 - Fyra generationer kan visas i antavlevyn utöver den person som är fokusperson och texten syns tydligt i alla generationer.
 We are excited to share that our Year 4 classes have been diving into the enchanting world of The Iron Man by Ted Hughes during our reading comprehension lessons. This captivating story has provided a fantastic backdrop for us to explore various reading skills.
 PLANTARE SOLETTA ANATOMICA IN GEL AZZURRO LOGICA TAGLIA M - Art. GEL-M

══════

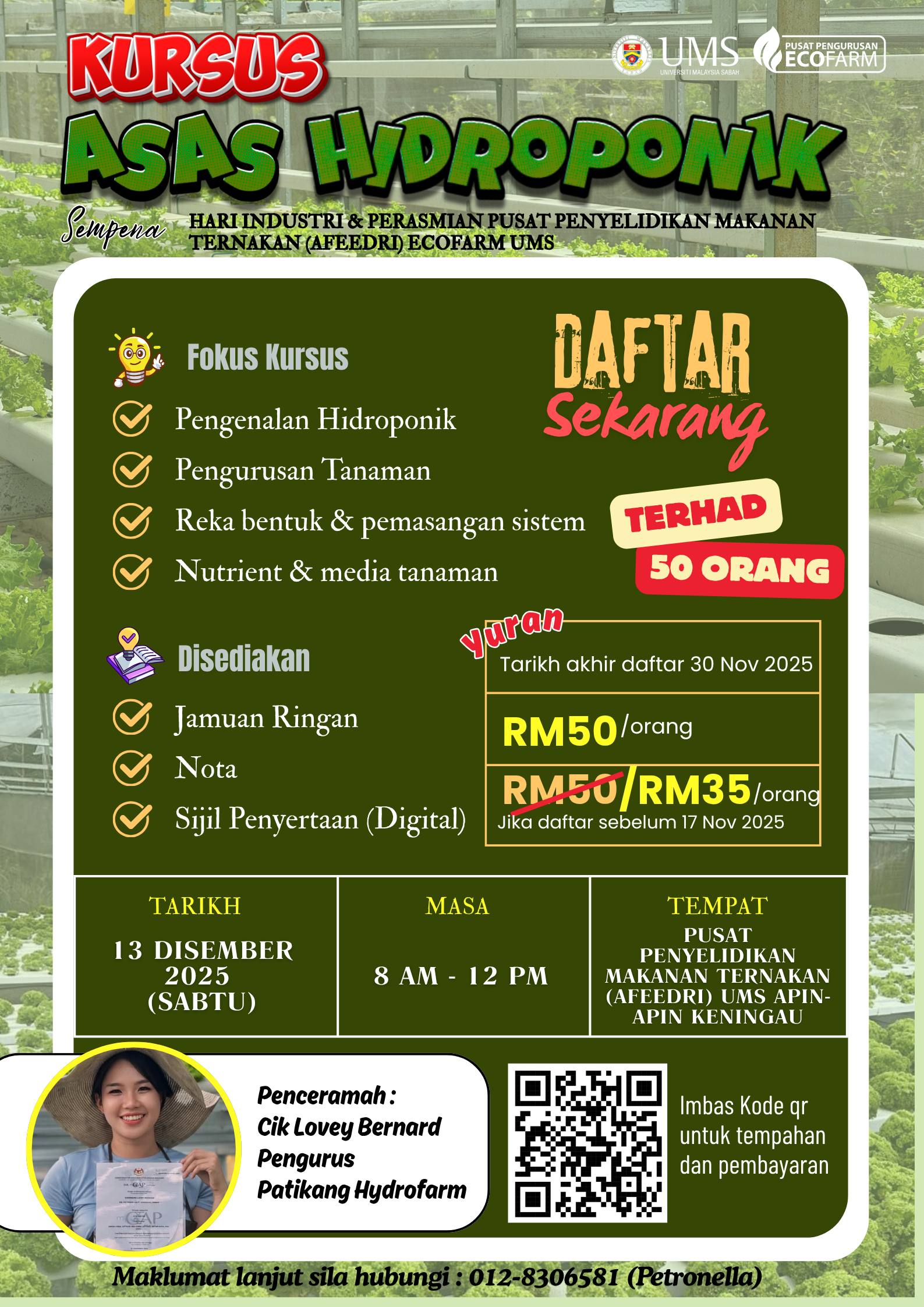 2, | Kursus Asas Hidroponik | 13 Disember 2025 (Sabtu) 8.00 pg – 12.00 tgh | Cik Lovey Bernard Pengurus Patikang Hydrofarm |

══════

> ABOUT THIS EXERCISE:
Reproduce the lines above, beginning at the line with "We are excited" and stopping after the line with "PLANTARE SOLETTA ANATOMICA", exactly as they are.

> OUTPUT OF THE TASK:
 We are excited to share that our Year 4 classes have been diving into the enchanting world of The Iron Man by Ted Hughes during our reading comprehension lessons. This captivating story has provided a fantastic backdrop for us to explore various reading skills.
 PLANTARE SOLETTA ANATOMICA IN GEL AZZURRO LOGICA TAGLIA M - Art. GEL-M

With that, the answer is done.